The information on AMF associated to palms is limited. The southeastern US palm S. repens were mainly associated with Glomus, and Gigaspora (Fisher and Jayachandran, 1999). Similarly, P. dactylifera was associated with Glomus, Acaulospora and Scutellospora (Bouamri et al., 2 006). We found that B. gasipaes varied both temporal and s patially i n p ercentage o f c olonization and spore density in the soil. Similarly, in Brazil, Silva-Junior and Cardoso (2006) studied the mycorrhizal colonization in B. gasipaes under different cultural conditions (agro-forestry and monoculture). They found 43.95% mycorrhizal colonization in Peach palm during the dry season and 13.54% during the wet season and the spore number was 27 - 48 spores/50 cm3 of soil. In Tsáchilas province, Ecuador, the mycorrhizal infection was up to 87% (Enríquez et al., 2008). The nutrition with nitrogen increased the percentage of mycorrhization up to 70% in Brazil (Bovi et al., 1998).

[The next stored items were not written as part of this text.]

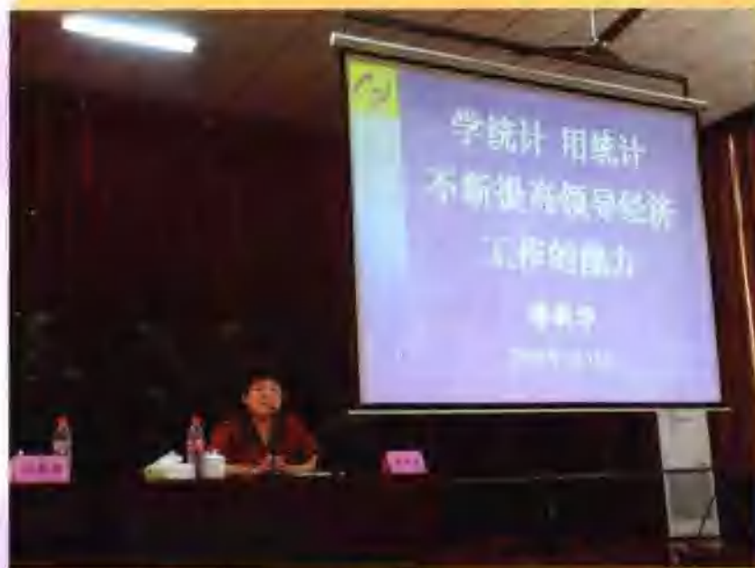
2006年7月19日,自治区统计局局长廖新华为柳州市四套班子领导、各县区、各部委办局一把手参加的培训班讲授了《学统计,用统计,不断提高领导经济工作的能力》专题,受到领导干部的欢迎
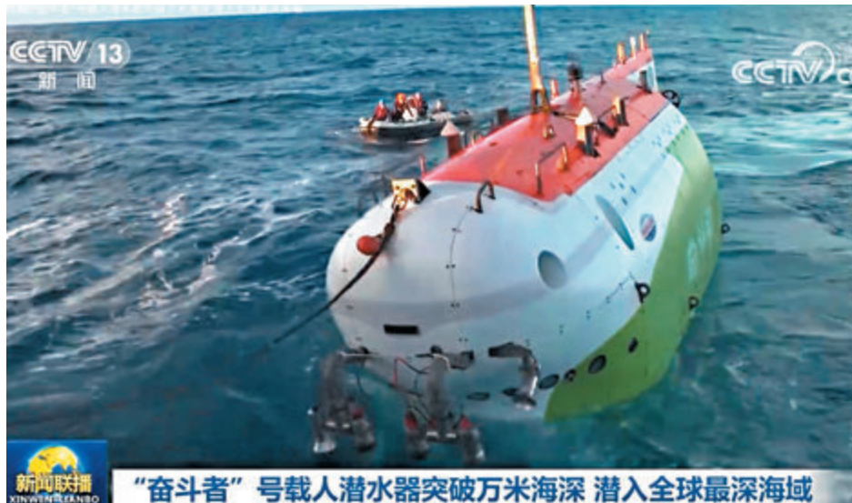
「奮鬥者」號昨日成功在西太平洋馬里亞納海溝坐底科考，坐底深度10,909米。 視頻截圖

據悉，在潛水器布放時，水面溫度約為30攝氏度，而隨著潛水器下潛至萬米海底，艙內的溫度僅約20攝氏度，並伴隨溫度下降。尤其坐在中間的主駕駛員位置靠近球殼，體感溫度格外寒冷，腳底溫度僅1攝氏度至2攝氏度。為此，
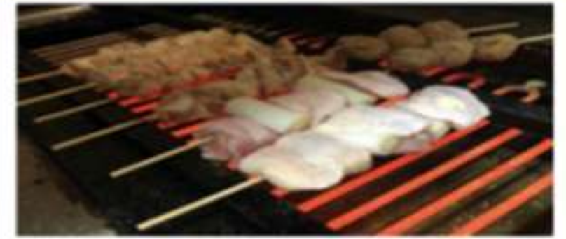
やきとり盛り合わせ(税込) 5本 540円 10本 1080円 15本 1620円 20本 2160円 各種単品は110円 ボンジリ、せせり、手羽先 165円
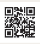
▲仕組みの解説動画
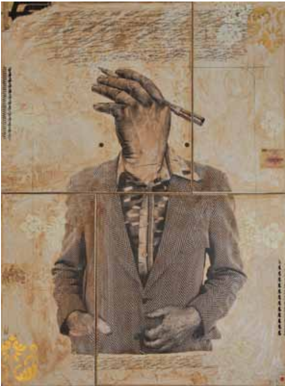
Manipulació. Mixta. 80 x 100 cm
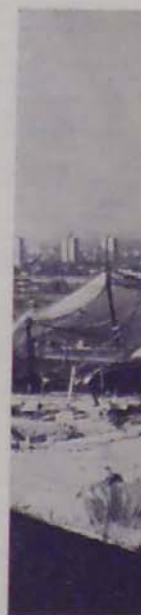
Csak néhány sátrényt az olimpián, amely zónák biztosít h labda-döntőket, A háttérben helyezést.
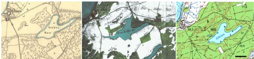
Abb. 3 Entwicklung des Wald-Bestandes im Umfeld des Gülzsee (GÜL) basierend auf historischen und aktuellen Karten. links: Wiebeking'sche Karte (1786), mitte: preußische Karte (1888), rechts: aktuelle topographische Karte ('Amt für Geoinformation, Vermessungs- und Katasterwesen', Mecklenburg-Vorpommern; Maßstab = 500 m).

Hier ergibt sich ein wichtiger Unterschied zu den Ergebnissen an 22 norddeutschen Seen, wonach das Hochmittelalter für große Gebiete des norddeutschen und zentraleuropäischen Flachlandes der nächstwichtigste Zeitraum für Veränderungen in der Landnutzung, verbunden mit negativen Einflüssen auf Seen und Fließgewässer, darstellt. In dem Gebiet nördlich und östlich der Elbe wurden ein Großteil der Städte, Kirchen und Klöster zwischen 1150 und 1450 AD erbaut. Dies war verbunden mit massiven und großflächigen Rodungsereignissen sowie Eingriffen in das hydrologische System (Anlage von Mühlenwehren, Fischzuchtanlagen etc.), was für das norddeutsche Flachland vielfach dokumentiert wurde. Ohle (1973, 1979) weist nach, dass Veränderungen des Seespiegelniveaus des Großen Plöner Sees um ca. 2 m im Jahr 1256 AD massive, bis in die Gegenwart andauernde Eutrophierungen zur Folge hatten. Vergleichbare Eutrophierungsursachen ergeben sich z.B. für Seespiegelerhöhungen am Krakower Obersee (HÜBENER & DÖRFLER 2004), die Müritz (LAMPE et al. 2009) und den Großen Eutiner See (WIECKOSKA et al. 2012).

Here we reported a higher percentage of colonization and spore numbers than previous studies (Ballesteros et al., 2004, Cedeño and Isaacc, 2010), suggesting that mycorrhizal interactions in the studied sites are microbiologically healthy. Nevertheless, higher values of spore count have been reported for other palms. The elevated colonization percentage and the high number of spores as well as the low nutrient values recorded in the soil analysis confirms the high dependence of B. gasipaes for AMF to provide nutrition requirements. In the US native palm Serenoa repens the number of spores in 50 g of soil varied between 130 - 1100 (Fisher and Jayachandran, 1999). Similarly, Phoenix dactylifera in Morocco was highly colonized (72%) and had 238 to 1840 spores per 10 g of wet soil (Bouamri et al., 2006). The recognition of the importance of peach palm as local food for the native people and for their economic sustainability and the importance of mycorrhizal symbiosis for peach palm nutritional requirements justify the development of local technologies based on AMF in peach palm cultivation.


  • The main mycorrhizal fungi associate with Bactris gasipae is Glomus sp. We found site and time variation in both percentage of mycorrhizal infection and spore numbers in peach palm agroecosystem, but this variation was not correlated with rainfall.